I really dig that yours is not a straightforward cover. You took some liberties with the phrasing and some of the lyrics. What was your goal with your reading of the song? What did you want to bring forward?
Well, I was bringing forward my struggle—more gospel, you know. That’s why I [gave] the minor vibe to it. And I was singing at the top of my range. It was like I felt liberated. After Cannonball told me about the total eclipse of the sun, being in Saratoga Springs, and then all these wonderful things that I had no idea existed, I took it…[trails off]. Carly’s intent did touch me; [it forced] me to bring forth my truth, and my truth was to sing it more gospel, to just let it rip, and they loved it. After I [recorded] it, they said, “This is great, we feel you, we’re not going to touch it. I said, “Shouldn’t I redo this?” because, I thought I oversung it.
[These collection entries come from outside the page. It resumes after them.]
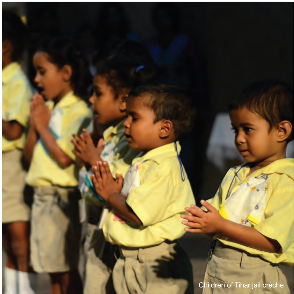
Children of Tihar jail crèche
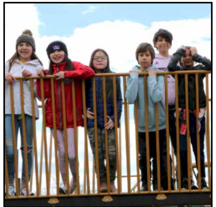
In April 2019, the Akwesasne Danger Dodgers had their second community walk of the year! The grade 6 students visited areas in Tsi Snaihne and Hogansburg; their goal was to take photos, using iPads, to document unsafe spots in the community.
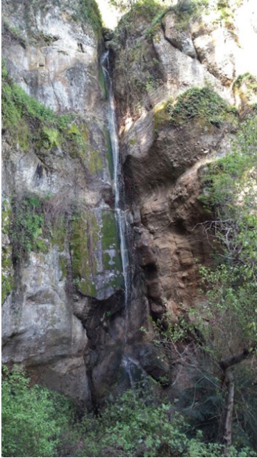
Waterfall Still Running
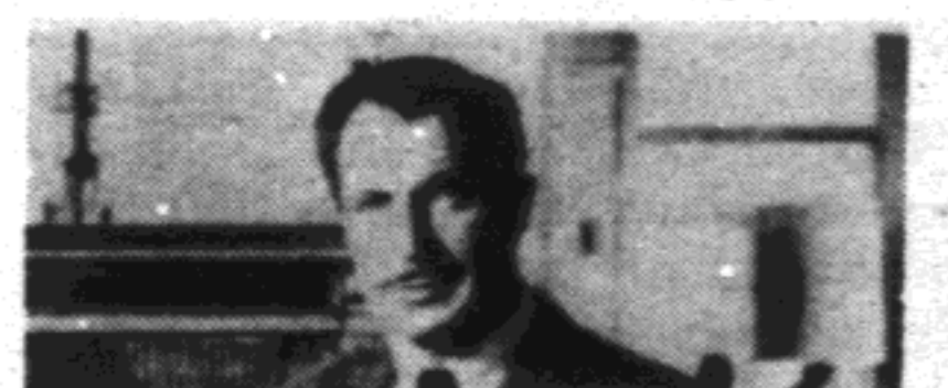
Introduction by Vincent Price
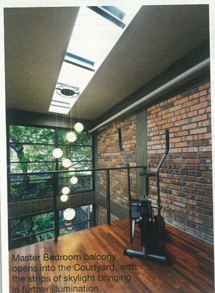
Master Bedroom balcony opens into the Courtyard, with the strips of skylight bringing in further illumination.
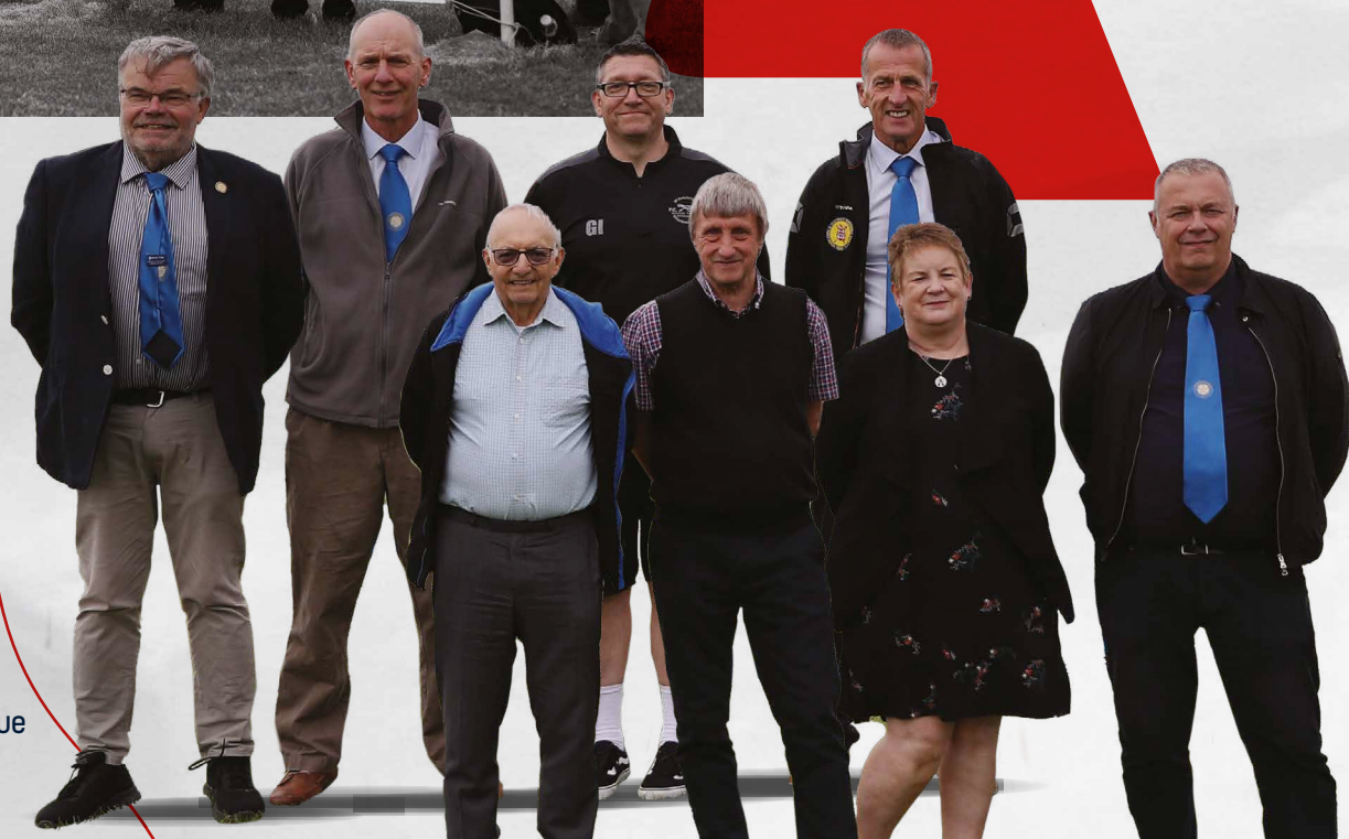
2022 winners York Football League
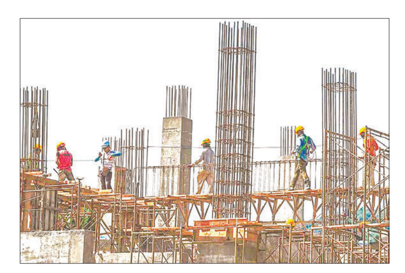
Despite global efforts, the sector's greenhouse gas emissions continue to rise, highlighting the urgent need for innovative solutions to decarbonize construction practices and align with climate goals outlined in the Paris Agreement.

"We support Palestine's full membership in the UN, and urge certain UN Security Council member to stop laying obstacles to that end," Wang said, adding that China calls for a more broad-based, more authoritative, and more effective international peace conference to work out a timetable and road map for the two-state solution. — Xinhua
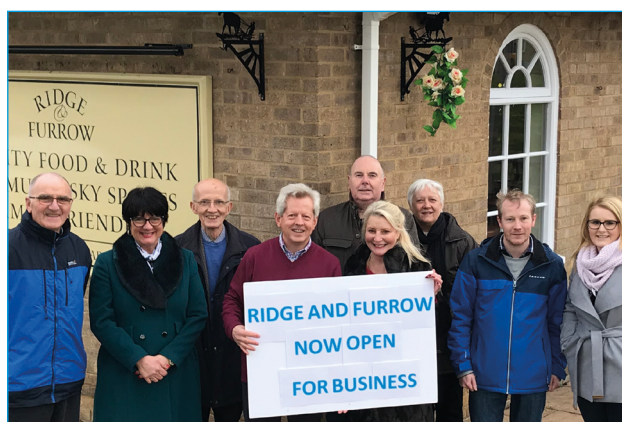
Celebrating the re-opening of the Ridge & Furrow
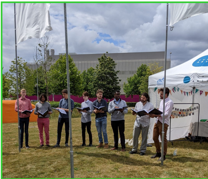
The King's Men
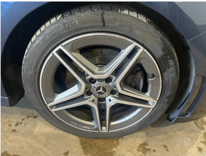
1: Wheel osf Corroded Light
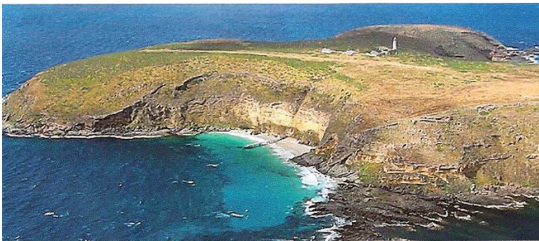
Althorpe Island – looking south
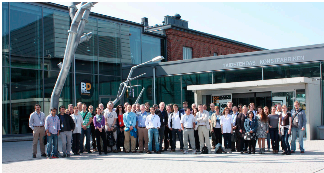
Fig. 1 Participants of the ICES symposium “ Ecological Basis of Risk Analysis for Marine Ecosystems ”, June 2–4, 2014, at the Art Factory in Porvoo, Finland.

The world’s marine ecosystems are facing an increasing number of challenges. Fishing intensity is high, and there are several other threats such as possible oil spills from drilling and transportation, climate change, eutrophication, and risks associated with aquaculture. The aggregate analysis of multiple interacting risk factors is a challenging task for scientists. While risk assessment methods are well established in scientific disciplines like finance, health, and insurance, they are less established in resource management and climate change.
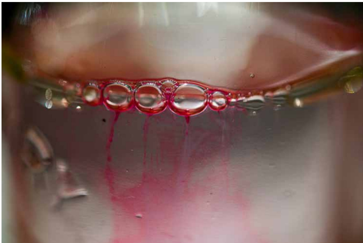
Water Thread Archival print Edition of 10
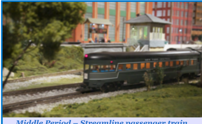
Middle Period – Streamline passenger train.
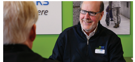
Certified Mobility Consultants Provide Comprehensive Needs Analysis

MobilityWorks is committed to serving you. Contact us today so we can evaluate your needs and find a solution that best fits your lifestyle.
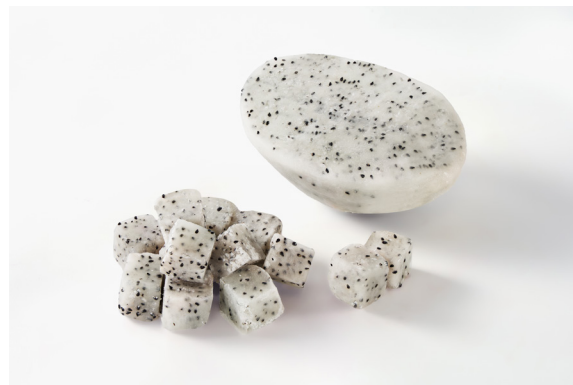
IQF White Dragon Fruit (dice, half)
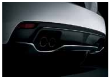
REAR UNDER SPOILER - HATCH
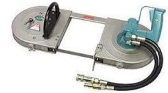
CUTS UP TO 9" O.D. 1.6 HP, 2000PSI, 4GPM
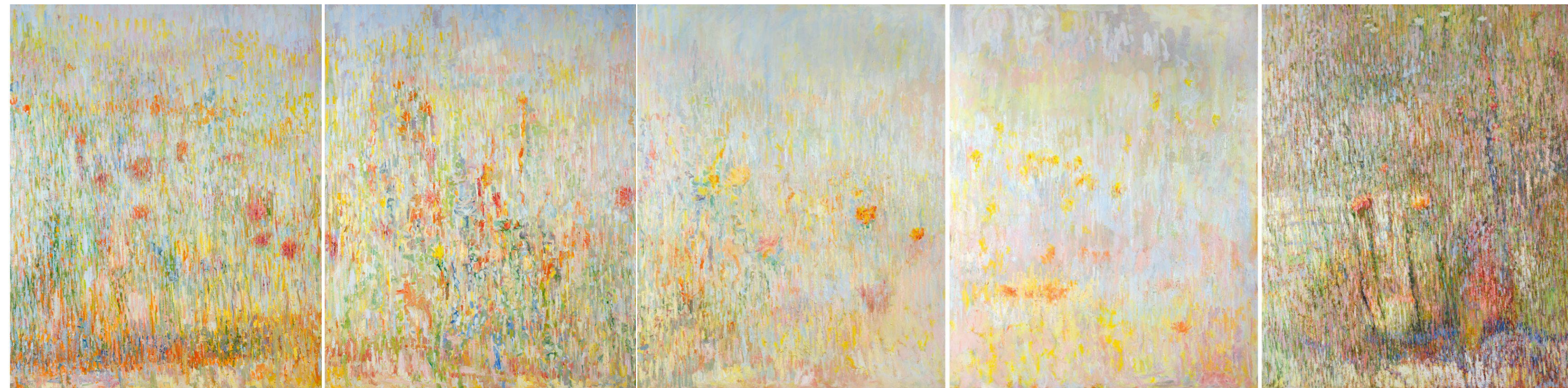
Midday light , 2021, oil and lapis lazuli on canvas, detail - panels 16-20
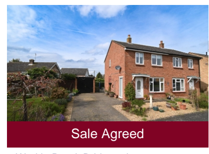
9 Wrekin Road, Bridgnorth

And they said, “No, we’re feeling where you’re coming from.” And that was a moment in time when women were becoming more overt with what they wanted to say. And then fast forward, and they’re taking away our rights [again], so it’s crazy.
The third verse (a.k.a. “the Saratoga Section”) really stands out, because you take it completely off the map. It’s almost a full-on rewrite of the melody. Being a native of Los Angeles, had you been to Saratoga at the time you recorded the song?
No!
Have you been since?
Oh yeah! I did some concerts there. I’ve been all over upstate New York.
In recent years, Simon has revealed that the first verse is about her former boyfriend, Nick Delbanco, and verse two is about Warren Beatty. But she’s never revealed who the third verse is about. What’s your best guess for the man or men who went to Saratoga, Nova Scotia, and slept with a wife of her close friend?
Oh god, that was during free love…who knows? Warren Beatty, he is arrogant, and he was elegant and good-looking, and she said “gavotte.” You could just see him doing a “gavotte.” At that time, he wasn’t even married. He was just doing his thing. It could’ve been anybody!